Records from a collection
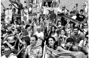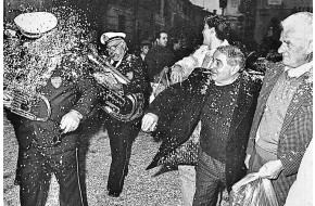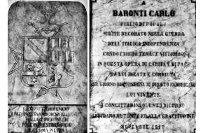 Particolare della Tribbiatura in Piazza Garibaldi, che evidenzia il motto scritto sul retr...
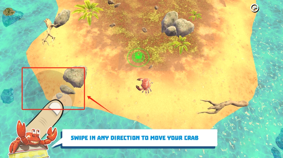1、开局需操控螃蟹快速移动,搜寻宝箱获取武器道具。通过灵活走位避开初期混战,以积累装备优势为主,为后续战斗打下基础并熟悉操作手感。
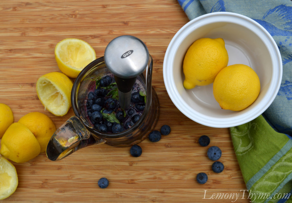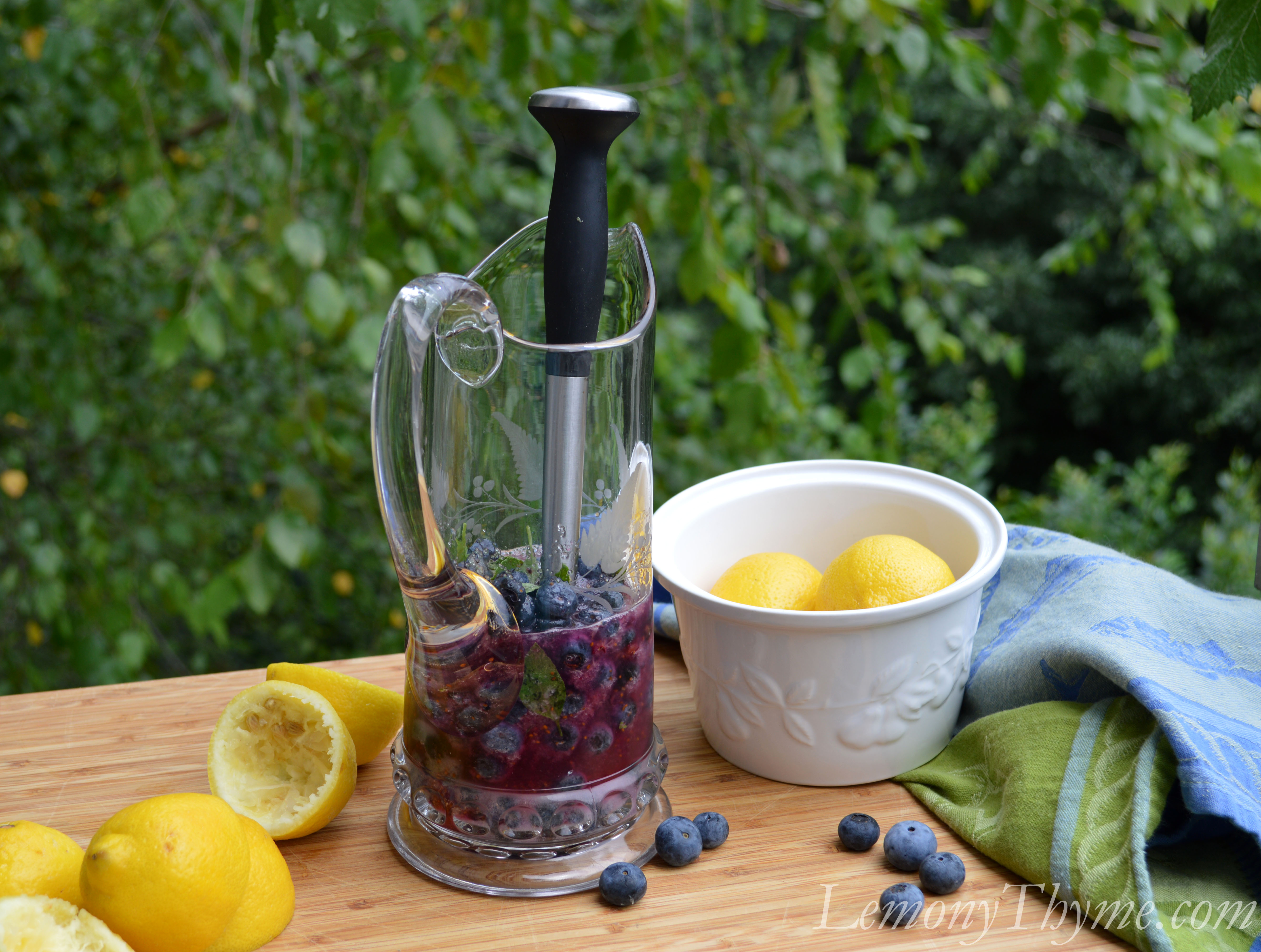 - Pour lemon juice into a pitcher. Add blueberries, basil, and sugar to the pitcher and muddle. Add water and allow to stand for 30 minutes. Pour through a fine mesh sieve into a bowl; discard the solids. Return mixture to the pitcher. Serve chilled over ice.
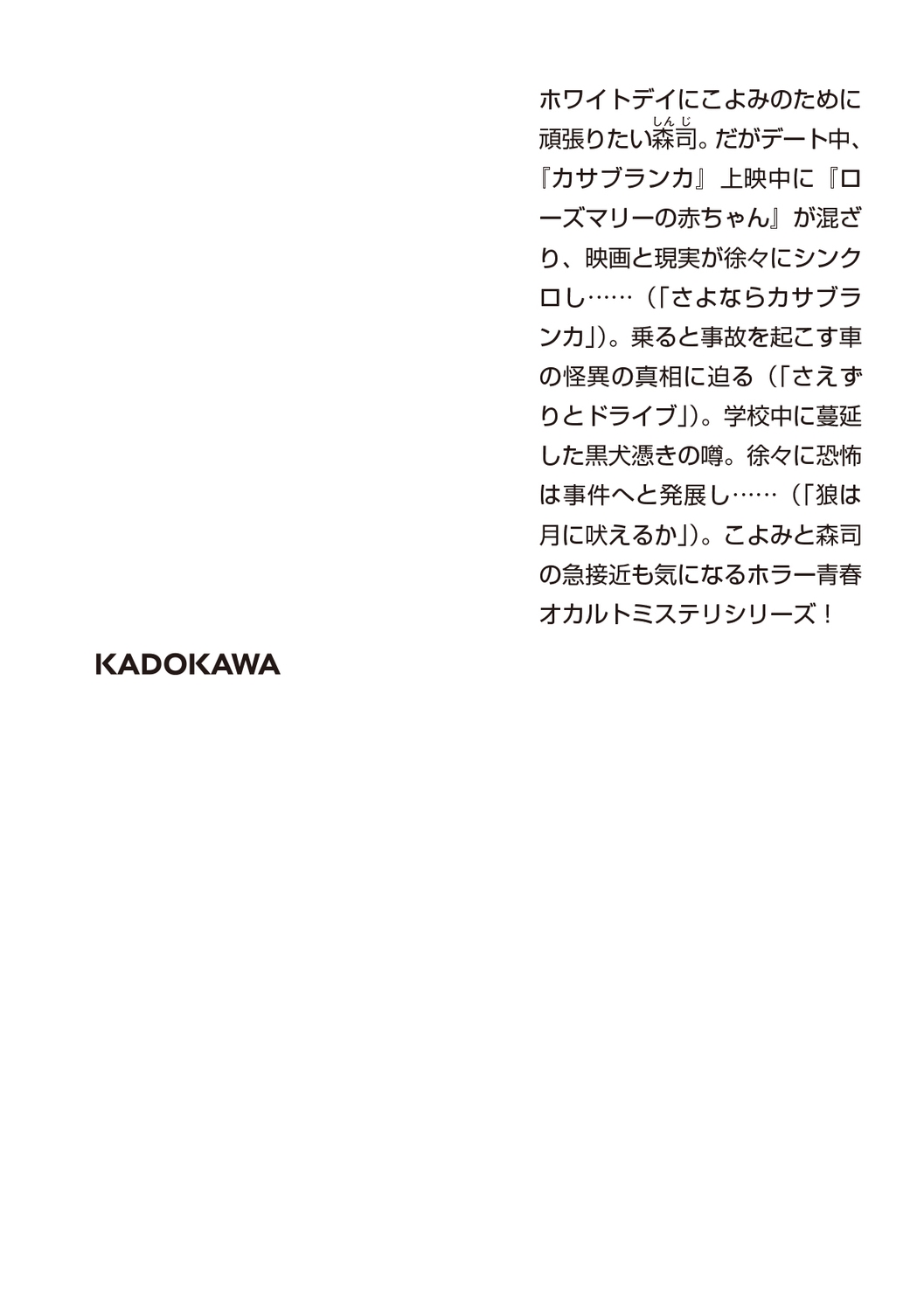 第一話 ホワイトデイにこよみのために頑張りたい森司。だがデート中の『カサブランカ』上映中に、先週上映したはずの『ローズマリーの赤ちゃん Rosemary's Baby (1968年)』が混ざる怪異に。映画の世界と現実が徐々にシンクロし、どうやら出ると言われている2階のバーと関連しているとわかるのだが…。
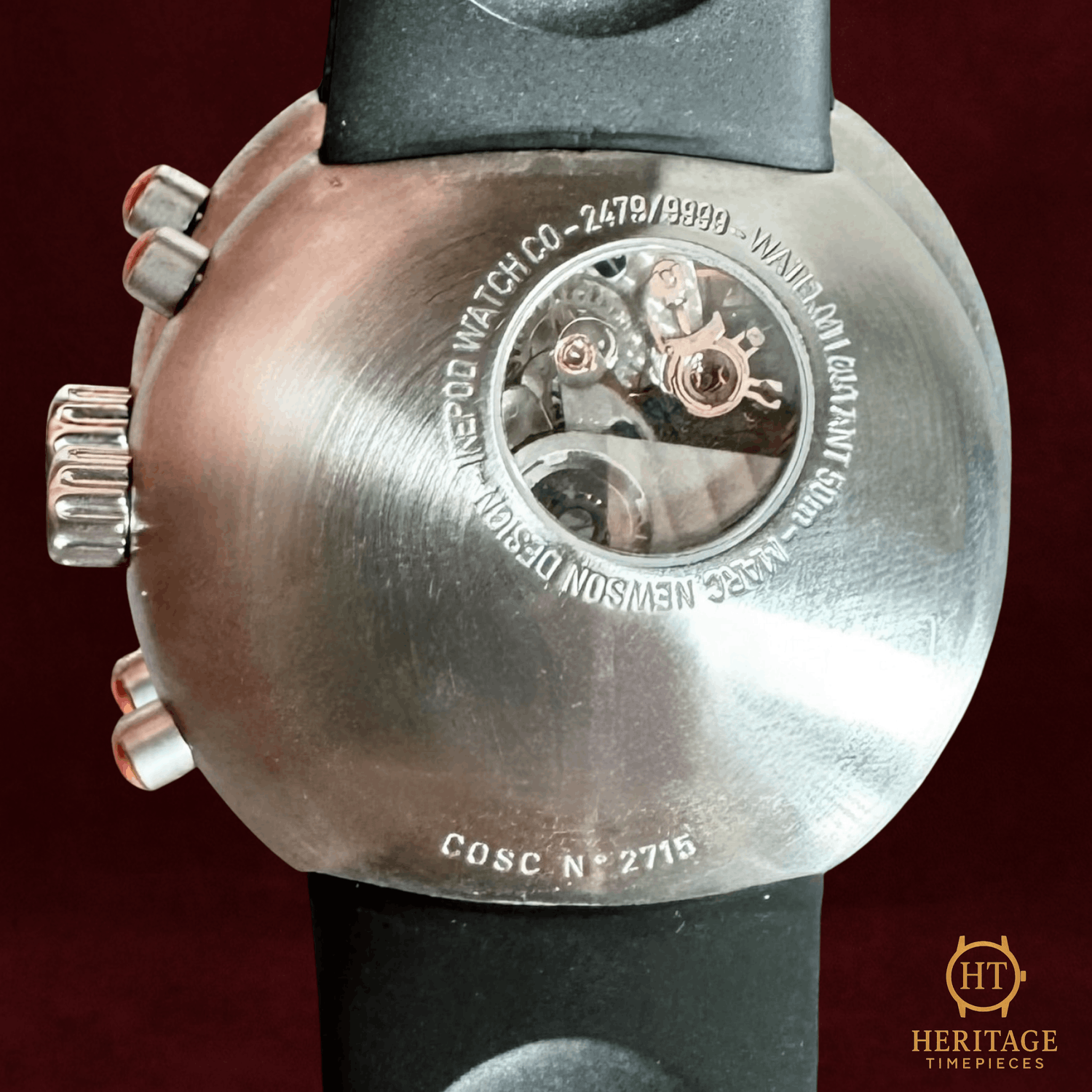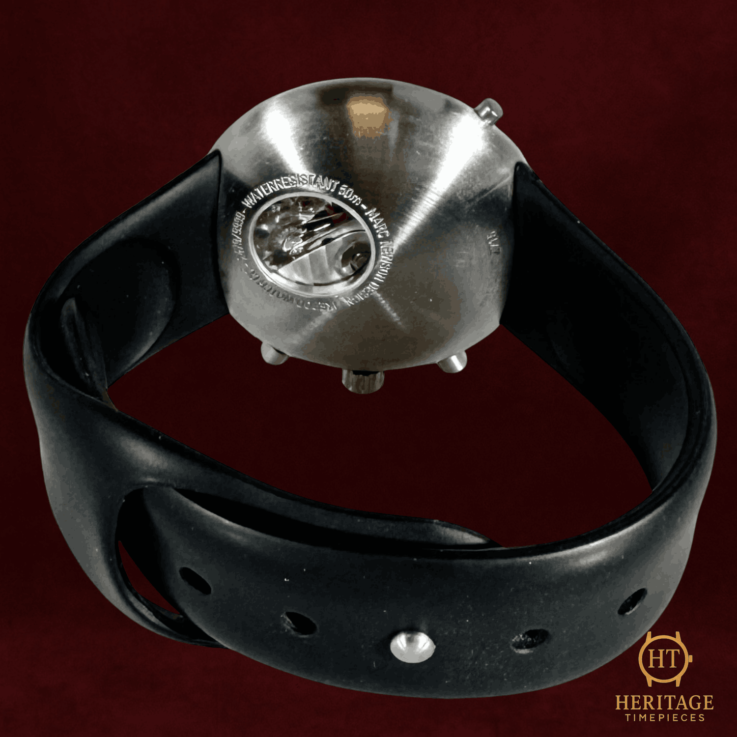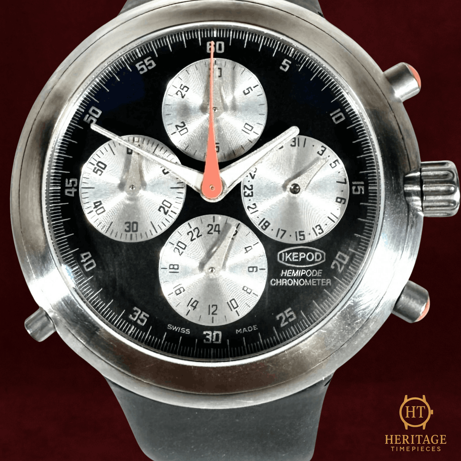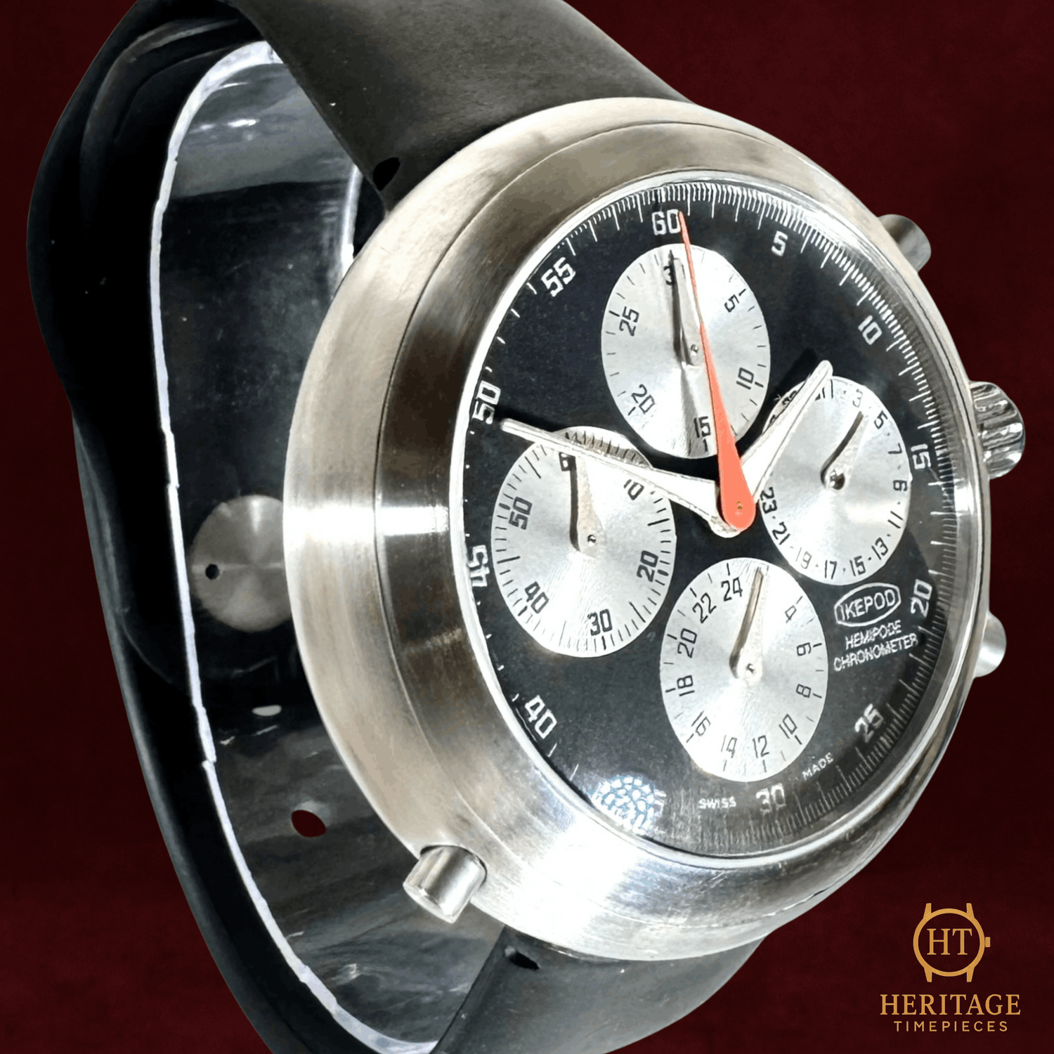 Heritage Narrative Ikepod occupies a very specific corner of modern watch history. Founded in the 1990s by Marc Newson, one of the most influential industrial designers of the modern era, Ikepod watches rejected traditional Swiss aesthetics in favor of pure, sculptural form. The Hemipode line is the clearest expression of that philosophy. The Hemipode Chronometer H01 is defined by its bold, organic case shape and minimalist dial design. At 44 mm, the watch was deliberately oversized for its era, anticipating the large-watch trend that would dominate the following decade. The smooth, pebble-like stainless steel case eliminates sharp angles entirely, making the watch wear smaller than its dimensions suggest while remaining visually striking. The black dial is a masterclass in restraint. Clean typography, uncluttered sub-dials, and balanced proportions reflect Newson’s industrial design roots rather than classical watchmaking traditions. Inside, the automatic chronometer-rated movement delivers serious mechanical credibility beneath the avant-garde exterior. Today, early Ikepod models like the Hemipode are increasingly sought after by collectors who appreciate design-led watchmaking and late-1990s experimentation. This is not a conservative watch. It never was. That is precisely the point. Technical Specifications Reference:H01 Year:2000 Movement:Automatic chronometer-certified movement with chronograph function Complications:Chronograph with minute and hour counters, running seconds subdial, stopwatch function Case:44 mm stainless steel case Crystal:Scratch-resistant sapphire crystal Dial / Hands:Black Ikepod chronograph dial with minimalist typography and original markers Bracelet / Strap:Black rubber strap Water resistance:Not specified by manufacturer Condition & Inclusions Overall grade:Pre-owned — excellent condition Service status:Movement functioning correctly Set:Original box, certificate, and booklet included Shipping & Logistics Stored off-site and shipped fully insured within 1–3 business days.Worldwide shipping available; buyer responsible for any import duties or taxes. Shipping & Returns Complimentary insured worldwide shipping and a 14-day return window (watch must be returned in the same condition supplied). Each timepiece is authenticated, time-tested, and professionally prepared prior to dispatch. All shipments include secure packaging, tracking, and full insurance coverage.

◆ Directions: Each entry should come back exactly as written, with its pictures omitted.

◆ Response:
 Particolare della Tribbiatura in Piazza Garibaldi, che evidenzia il motto scritto sul retr...
1、开局需操控螃蟹快速移动,搜寻宝箱获取武器道具。通过灵活走位避开初期混战,以积累装备优势为主,为后续战斗打下基础并熟悉操作手感。
 - Pour lemon juice into a pitcher. Add blueberries, basil, and sugar to the pitcher and muddle. Add water and allow to stand for 30 minutes. Pour through a fine mesh sieve into a bowl; discard the solids. Return mixture to the pitcher. Serve chilled over ice.
 第一話 ホワイトデイにこよみのために頑張りたい森司。だがデート中の『カサブランカ』上映中に、先週上映したはずの『ローズマリーの赤ちゃん Rosemary's Baby (1968年)』が混ざる怪異に。映画の世界と現実が徐々にシンクロし、どうやら出ると言われている2階のバーと関連しているとわかるのだが…。
 Heritage Narrative Ikepod occupies a very specific corner of modern watch history. Founded in the 1990s by Marc Newson, one of the most influential industrial designers of the modern era, Ikepod watches rejected traditional Swiss aesthetics in favor of pure, sculptural form. The Hemipode line is the clearest expression of that philosophy. The Hemipode Chronometer H01 is defined by its bold, organic case shape and minimalist dial design. At 44 mm, the watch was deliberately oversized for its era, anticipating the large-watch trend that would dominate the following decade. The smooth, pebble-like stainless steel case eliminates sharp angles entirely, making the watch wear smaller than its dimensions suggest while remaining visually striking. The black dial is a masterclass in restraint. Clean typography, uncluttered sub-dials, and balanced proportions reflect Newson’s industrial design roots rather than classical watchmaking traditions. Inside, the automatic chronometer-rated movement delivers serious mechanical credibility beneath the avant-garde exterior. Today, early Ikepod models like the Hemipode are increasingly sought after by collectors who appreciate design-led watchmaking and late-1990s experimentation. This is not a conservative watch. It never was. That is precisely the point. Technical Specifications Reference:H01 Year:2000 Movement:Automatic chronometer-certified movement with chronograph function Complications:Chronograph with minute and hour counters, running seconds subdial, stopwatch function Case:44 mm stainless steel case Crystal:Scratch-resistant sapphire crystal Dial / Hands:Black Ikepod chronograph dial with minimalist typography and original markers Bracelet / Strap:Black rubber strap Water resistance:Not specified by manufacturer Condition & Inclusions Overall grade:Pre-owned — excellent condition Service status:Movement functioning correctly Set:Original box, certificate, and booklet included Shipping & Logistics Stored off-site and shipped fully insured within 1–3 business days.Worldwide shipping available; buyer responsible for any import duties or taxes. Shipping & Returns Complimentary insured worldwide shipping and a 14-day return window (watch must be returned in the same condition supplied). Each timepiece is authenticated, time-tested, and professionally prepared prior to dispatch. All shipments include secure packaging, tracking, and full insurance coverage.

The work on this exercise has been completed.